Книга посвящена Виктору Гюго.
К читателю.
Здесь, в книге, — мой ГАРЕМ, который со стараньем —
меж парой полюсов и в разных временах —
сумел собрать поэт в исканьях и трудах,
охваченный мечтой и полный обожанья.
Au lecteur
Ce livre est mon Harem. — Ici sont enfermees
Les Femmes qu’un poete aux espoirs persistants,
Chercha, d’un pole a l’autre, a travers tous les temps,
Sur les ailes du Reve, et qu’il a tres-aimees.
- — В Польдерах.
(Вольный перевод с французского).
Посвящается Шанфлёри*
Как мил мне Роттердам , прибрежная равнина,
и польдеры, где б я пожил, как господин —
повесил на стене Терборхову картину,
и трубочку курил, и пил голландский джин.

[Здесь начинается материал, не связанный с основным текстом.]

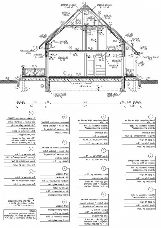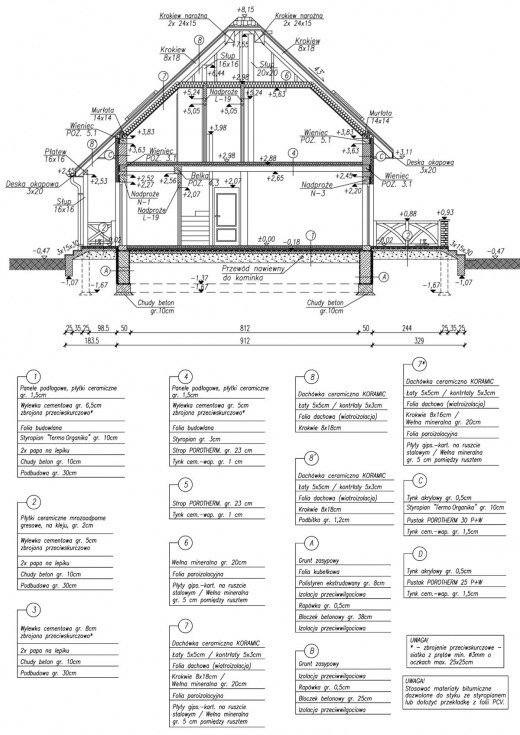 Technologia tradycyjna, ściany zewnętrzne murowane grubości 30 cm + 10 cm styropian, ściany wewnętrzne (nośne) gr. 25 cm i działowe gr. 12 cm. Wszystkie ściany wykonane z pustaków ceramicznych "POROTHERM". Strop gęstożebrowy "POROTHERM" o gr. 23 cm.. Konstrukcja więźby dachowej drewniana, pokrycie dachówka ceramiczna.
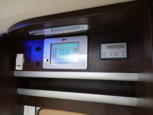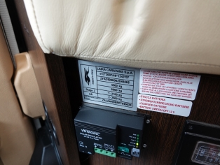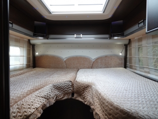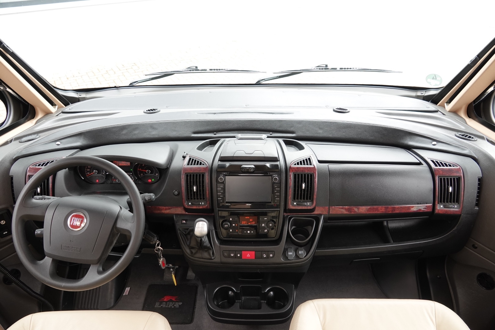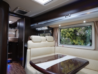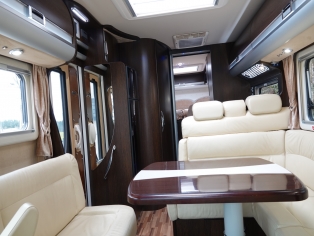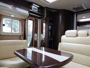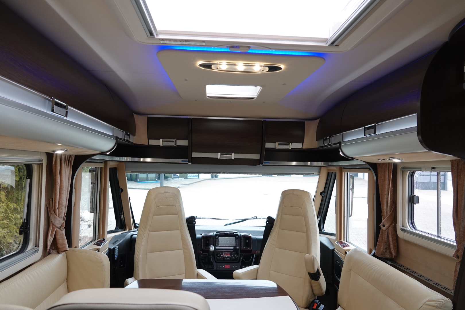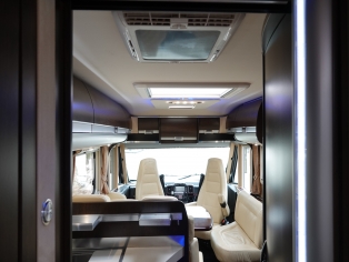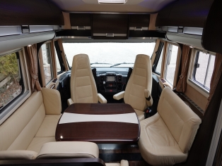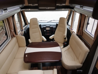 2 comfortabele, met leer beklede, Aguti Ergoflex pilotenstoelen in hoogte verstelbaar en kantelbaar, draaibaar naar een gezellige comfort L-zit met luxe salontafel. Het interieur bestaat uit het Yacht meubeldesign met de luxe lederen bekleding wat in combinatie met de vele (indirecte) LED verlichting een bijzondere sfeer geeft. Het geheel word verwarmd door het comfortabele ALDE 3020 HE vloeistof-verwarming. Cabineramen zijn voorzien van plisséverduistering.

Я б ставни расписал зелёной свежей краской,
чтоб ферма нравилась и радовала взгляд,
глядел бы я на луг да на скотину с лаской
да слушал, как на ней бубенчики звенят.
Каминную трубу облюбовал бы аист,
стучался бы порой в окно приморский бриз,
я, гордый цветником, всё время улыбаясь,
доволен был всегда и сам себя не грыз.
В конце обедов я, в компании почтенной,
за сыром, за вином, смакуя свой ликёр,
всерьёз бы обсуждал крашение мареной,
спуск новых кораблей и прочий местный вздор.
Сквозь ветви рыжих лип, чуть выше или ниже
испанского щипца хоромины моей,
усевшись в кресле, как надеюсь, я увижу
большие паруса голландских кораблей.
Хотел бы наблюдать крестьянские коляски,
что в праздничные дни здесь золотом горят,
и разных барок строй в каналах на привязке
и обсмолённых мачт неисчислимый ряд.
Багровы лица всех, курящих здесь ночами —
в стране, где жил Эразм, в стране отменных книг.
Боюсь, не слаб ли я, подстать ли мне то пламя,
такой огонь, что здесь зажёгся и не сник.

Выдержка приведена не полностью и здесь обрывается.